:: Task to complete ::
Below this line is a listing that includes pictures. Copy exactly, and only, the lines from the one containing "树图思维导图提供《2021英" through the one containing "12.3インチ T-Connect SDナビゲーションシステム"; the pictures do not go in the copy.

:: Data for processing ::
Content starts

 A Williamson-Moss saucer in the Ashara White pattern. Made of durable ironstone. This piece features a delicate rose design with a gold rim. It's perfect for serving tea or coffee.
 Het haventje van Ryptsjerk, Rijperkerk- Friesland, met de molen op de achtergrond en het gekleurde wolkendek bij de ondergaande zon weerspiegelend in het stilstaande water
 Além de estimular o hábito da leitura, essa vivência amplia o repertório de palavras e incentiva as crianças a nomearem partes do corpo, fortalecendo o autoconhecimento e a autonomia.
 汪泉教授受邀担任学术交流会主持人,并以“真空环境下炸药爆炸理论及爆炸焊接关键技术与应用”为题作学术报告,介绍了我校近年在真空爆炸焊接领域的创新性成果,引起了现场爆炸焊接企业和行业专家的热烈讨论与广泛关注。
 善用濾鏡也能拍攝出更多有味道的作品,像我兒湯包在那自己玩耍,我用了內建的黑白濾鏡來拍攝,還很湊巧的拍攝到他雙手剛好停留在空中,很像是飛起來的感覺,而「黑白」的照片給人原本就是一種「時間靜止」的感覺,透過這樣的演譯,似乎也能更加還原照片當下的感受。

Content ends
Content starts

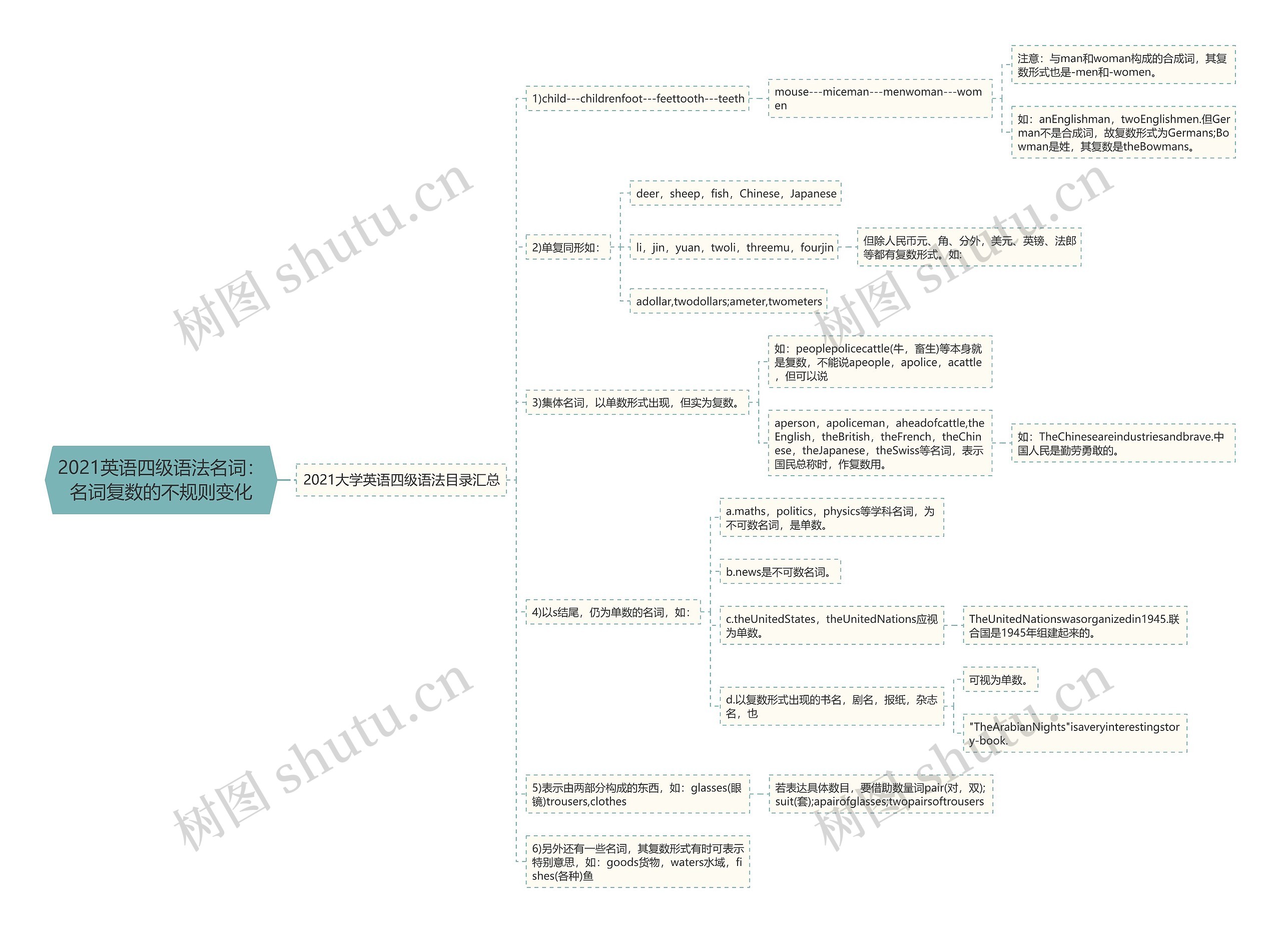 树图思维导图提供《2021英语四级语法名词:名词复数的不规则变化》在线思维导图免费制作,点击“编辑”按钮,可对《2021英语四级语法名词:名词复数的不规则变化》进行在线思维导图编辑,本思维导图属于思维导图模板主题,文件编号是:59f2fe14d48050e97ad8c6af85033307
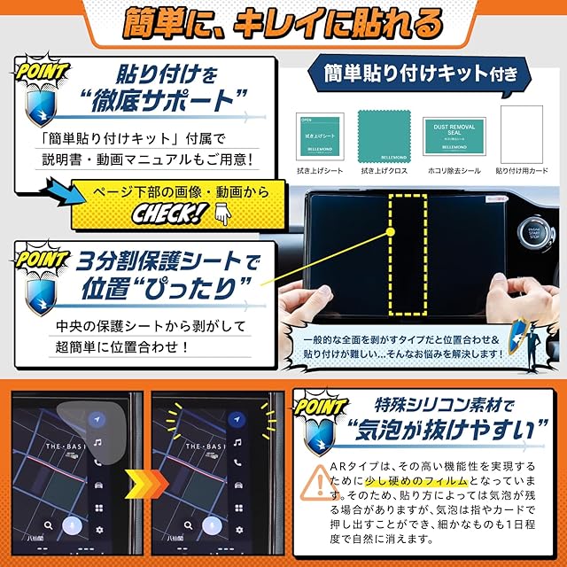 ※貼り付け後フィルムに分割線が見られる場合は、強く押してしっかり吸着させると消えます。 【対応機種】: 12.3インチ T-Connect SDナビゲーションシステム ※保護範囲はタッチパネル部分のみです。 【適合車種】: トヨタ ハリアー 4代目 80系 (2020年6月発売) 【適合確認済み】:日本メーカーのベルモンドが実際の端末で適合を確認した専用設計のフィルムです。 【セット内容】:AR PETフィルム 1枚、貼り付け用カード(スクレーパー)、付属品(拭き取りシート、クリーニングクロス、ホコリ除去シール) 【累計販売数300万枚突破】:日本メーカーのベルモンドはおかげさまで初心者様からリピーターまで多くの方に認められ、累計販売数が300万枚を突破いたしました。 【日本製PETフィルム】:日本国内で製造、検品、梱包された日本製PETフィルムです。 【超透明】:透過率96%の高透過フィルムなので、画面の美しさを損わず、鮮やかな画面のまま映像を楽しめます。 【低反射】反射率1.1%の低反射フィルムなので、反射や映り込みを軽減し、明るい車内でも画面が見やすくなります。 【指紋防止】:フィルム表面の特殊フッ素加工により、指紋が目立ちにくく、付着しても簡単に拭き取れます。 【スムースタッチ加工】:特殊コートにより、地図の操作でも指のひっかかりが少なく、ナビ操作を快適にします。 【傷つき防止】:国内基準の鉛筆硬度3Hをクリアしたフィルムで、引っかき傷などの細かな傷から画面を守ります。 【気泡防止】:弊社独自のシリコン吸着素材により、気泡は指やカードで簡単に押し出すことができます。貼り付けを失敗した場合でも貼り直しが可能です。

Content ends
Content starts

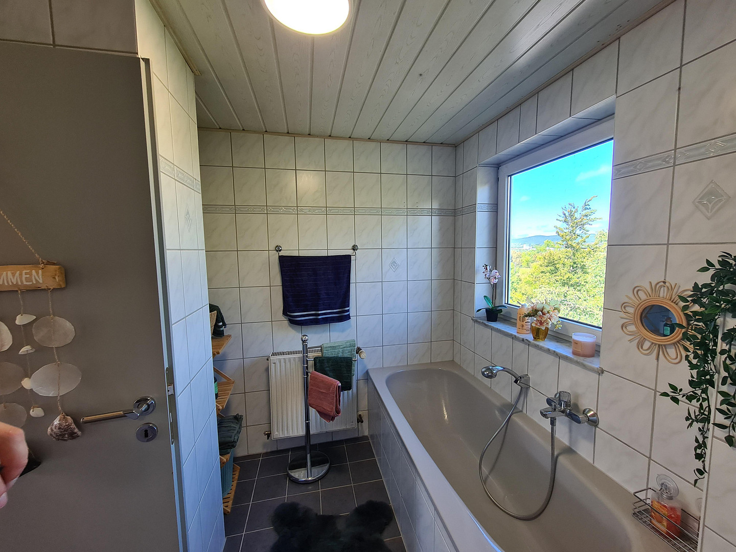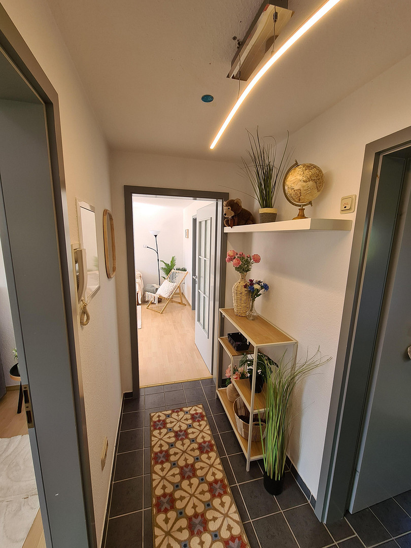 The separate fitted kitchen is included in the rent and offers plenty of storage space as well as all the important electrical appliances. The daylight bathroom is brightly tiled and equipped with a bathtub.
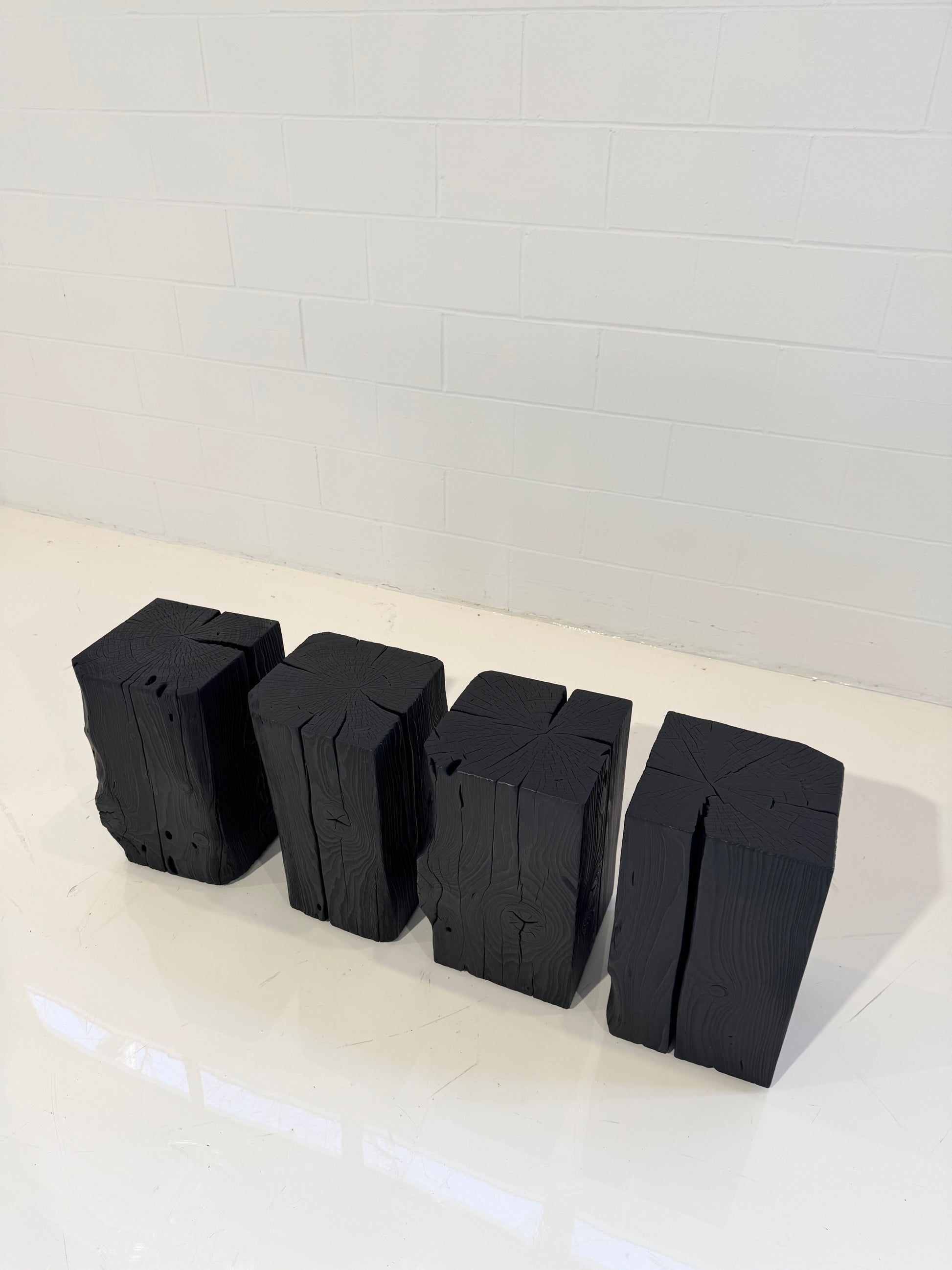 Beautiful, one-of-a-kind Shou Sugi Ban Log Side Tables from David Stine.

Content ends

:: Result ::
 树图思维导图提供《2021英语四级语法名词:名词复数的不规则变化》在线思维导图免费制作,点击“编辑”按钮,可对《2021英语四级语法名词:名词复数的不规则变化》进行在线思维导图编辑,本思维导图属于思维导图模板主题,文件编号是:59f2fe14d48050e97ad8c6af85033307
 ※貼り付け後フィルムに分割線が見られる場合は、強く押してしっかり吸着させると消えます。 【対応機種】: 12.3インチ T-Connect SDナビゲーションシステム ※保護範囲はタッチパネル部分のみです。 【適合車種】: トヨタ ハリアー 4代目 80系 (2020年6月発売) 【適合確認済み】:日本メーカーのベルモンドが実際の端末で適合を確認した専用設計のフィルムです。 【セット内容】:AR PETフィルム 1枚、貼り付け用カード(スクレーパー)、付属品(拭き取りシート、クリーニングクロス、ホコリ除去シール) 【累計販売数300万枚突破】:日本メーカーのベルモンドはおかげさまで初心者様からリピーターまで多くの方に認められ、累計販売数が300万枚を突破いたしました。 【日本製PETフィルム】:日本国内で製造、検品、梱包された日本製PETフィルムです。 【超透明】:透過率96%の高透過フィルムなので、画面の美しさを損わず、鮮やかな画面のまま映像を楽しめます。 【低反射】反射率1.1%の低反射フィルムなので、反射や映り込みを軽減し、明るい車内でも画面が見やすくなります。 【指紋防止】:フィルム表面の特殊フッ素加工により、指紋が目立ちにくく、付着しても簡単に拭き取れます。 【スムースタッチ加工】:特殊コートにより、地図の操作でも指のひっかかりが少なく、ナビ操作を快適にします。 【傷つき防止】:国内基準の鉛筆硬度3Hをクリアしたフィルムで、引っかき傷などの細かな傷から画面を守ります。 【気泡防止】:弊社独自のシリコン吸着素材により、気泡は指やカードで簡単に押し出すことができます。貼り付けを失敗した場合でも貼り直しが可能です。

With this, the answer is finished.